Is there a "there exists" quantifier in QuickCheck?

Question

There is the forAll quantifier that returns a property which checks if all test cases pass. Is there a way to define a "there exists" quantifier that returns a property which checks it at least one test case passes?

Answer 1

Testing existence by enumeration would be more reliable: SmallCheck, LeanCheck, FEAT.

If you must use random generation there are some indirect ways in QuickCheck.

---

expectFailure seems like a good candidate for negation. However it isn't quite it, as it isn't involutive so you must negate the property in other ways, like not, if your property is in fact boolean.

exists :: Gen a -> (a -> Bool) -> Property
exists gen prop = once $ expectFailure (forAll gen (not . prop))

This counts crashing as a failure though, which thus makes the test pass even though you might not expect it.

---

Existential quantification is kind of a disjunction, and QuickCheck has disjoin. Just make a huge enough disjunction.

exists :: Gen a -> (a -> Property) -> Property
exists gen prop = once $ disjoin $ replicate 10000 $ forAll gen prop

But you get spammed with counterexamples when no good example is found.
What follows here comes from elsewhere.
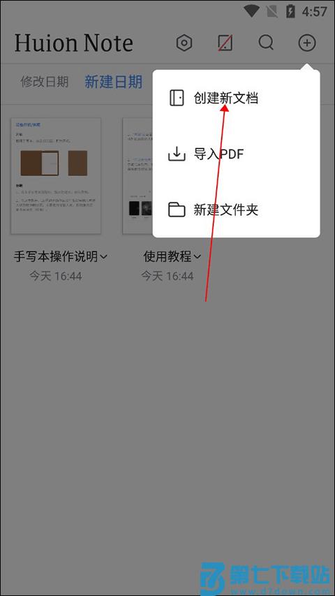 1、进入HuionNote app点击主页右上角的加号,这个时候会跳出一个弹窗,我们点击创建新文档;

Maybe it is better to rewrite the logic of forAll yourself to avoid the call to counterexample.

---

More simply you can always write your own property as a generator to get the proper quantification.

exists :: Gen a -> (a -> Bool) -> Property
exists gen prop = property (exists' 1000 gen prop)

exists' :: Int -> Gen a -> (a -> Bool) -> Gen Bool
exists' 0 _ _ = return False
exists' n gen prop = do
  a <- gen
  if prop a
    then return True
    else exists' (n - 1) gen prop

Doing this manually also has the property that if prop unexpectedly crashes, it is immediately reported as a failure, as opposed to the previous methods.

---

EDIT

So if you only have a (a -> Property) instead of (a -> Bool) it seems much trickier to achieve a good result, because it's non-trivial to check whether a property succeeded. A proper way would be to mess with the internals of QuickCheck, probably something similar to disjoin. Here is a quick hack

• Use mapResult to silence the output of disjoin when no (counter)example was found.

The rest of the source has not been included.